**Task statement**
Copy every line of the data below exactly as given, except for the pictures.

┌──

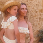Voor een extra leuke twist kun je jouw look matchen met die van je dochter! De Anglaise Bikini voor meisjes heeft een ander design, maar dezelfde prachtige print. Het perfecte duo voor een stijlvolle zomer. Shop de Anglaise Bikini Women en maak je stranddag onvergetelijk met Salted Stories.
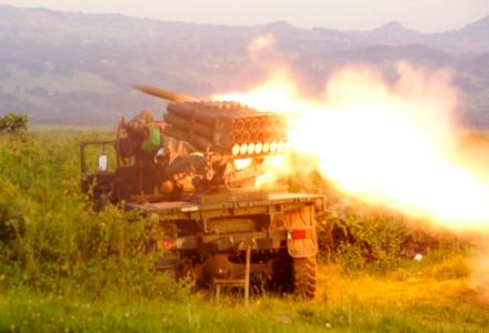 Rockets are fired from a Congolese army vehicle in the direction of M23 rebels in Kibumba
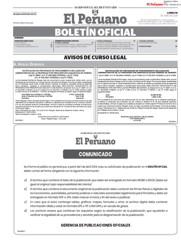2 BOLETÍN OFICIAL EL PERUANO I Lima, lunes 10 de junio de 2024
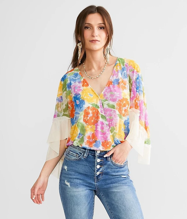 Floral Mesh Surplice Top
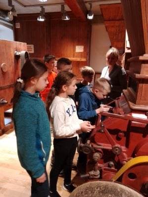 17 października uczniowie klas 2a, 3a oraz 3b wraz z opiekunami: p. Danutą Motyl, p. Iwoną Biegarczyk, p. Emilią Chęcińską udali się do Żarek do Muzeum Dawnych Rzemiosł. Dzieci odkrywały tajemnice szewstwa, bednarstwa, kołodziejstwa, piekarstwa i młynarstwa. Opowieść o dawnych technikach wykonywania tych zawodów połączona została ze współczesnymi zabawami multimedialnymi. W etnopracowni każdy mógł wykonać zabawkę z siana, a w Przystani Leśników miał miejsce interaktywny warsztat kulinarny. Wszyscy mogli również przygotować i skonsumować pizzę.
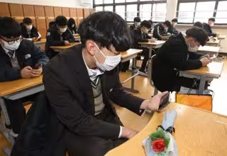 11 February 2020, South Korea, Busan: Students watch a small-scale graduation ceremony via YouTube at Yeongsan High School, as the school cancelled a graduation ceremony at its auditorium and decided to hold a scaled-down version amid fears over the spr - -/YNA/dpa
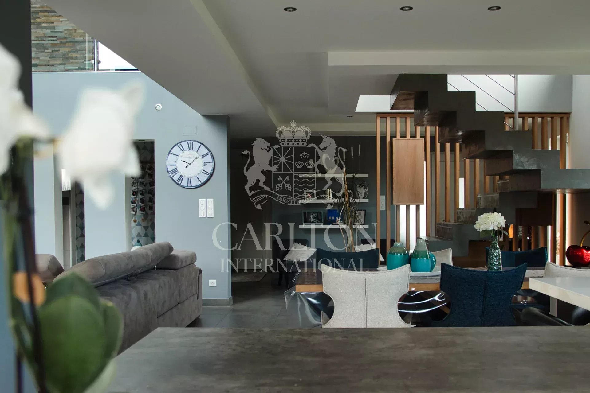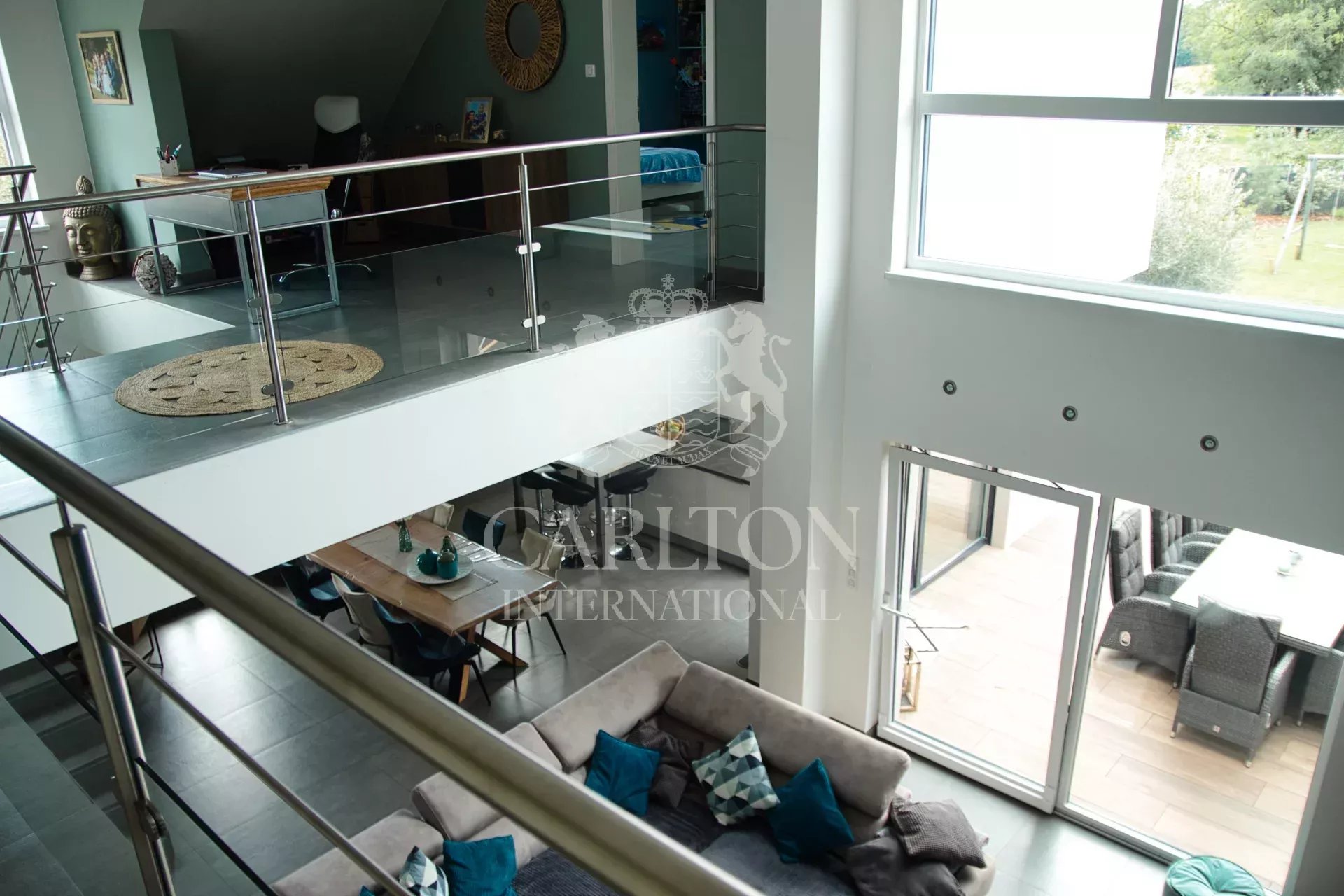 The house combines the conveniences of a large residence with separate areas for parents on the ground floor and children on the upper floor. There is a quiet office space or a sunlit gallery with an open view of the beautifully landscaped garden.

└──

**Written reply**
Voor een extra leuke twist kun je jouw look matchen met die van je dochter! De Anglaise Bikini voor meisjes heeft een ander design, maar dezelfde prachtige print. Het perfecte duo voor een stijlvolle zomer. Shop de Anglaise Bikini Women en maak je stranddag onvergetelijk met Salted Stories.
 Rockets are fired from a Congolese army vehicle in the direction of M23 rebels in Kibumba
2 BOLETÍN OFICIAL EL PERUANO I Lima, lunes 10 de junio de 2024
 Floral Mesh Surplice Top
 17 października uczniowie klas 2a, 3a oraz 3b wraz z opiekunami: p. Danutą Motyl, p. Iwoną Biegarczyk, p. Emilią Chęcińską udali się do Żarek do Muzeum Dawnych Rzemiosł. Dzieci odkrywały tajemnice szewstwa, bednarstwa, kołodziejstwa, piekarstwa i młynarstwa. Opowieść o dawnych technikach wykonywania tych zawodów połączona została ze współczesnymi zabawami multimedialnymi. W etnopracowni każdy mógł wykonać zabawkę z siana, a w Przystani Leśników miał miejsce interaktywny warsztat kulinarny. Wszyscy mogli również przygotować i skonsumować pizzę.
 11 February 2020, South Korea, Busan: Students watch a small-scale graduation ceremony via YouTube at Yeongsan High School, as the school cancelled a graduation ceremony at its auditorium and decided to hold a scaled-down version amid fears over the spr - -/YNA/dpa
 The house combines the conveniences of a large residence with separate areas for parents on the ground floor and children on the upper floor. There is a quiet office space or a sunlit gallery with an open view of the beautifully landscaped garden.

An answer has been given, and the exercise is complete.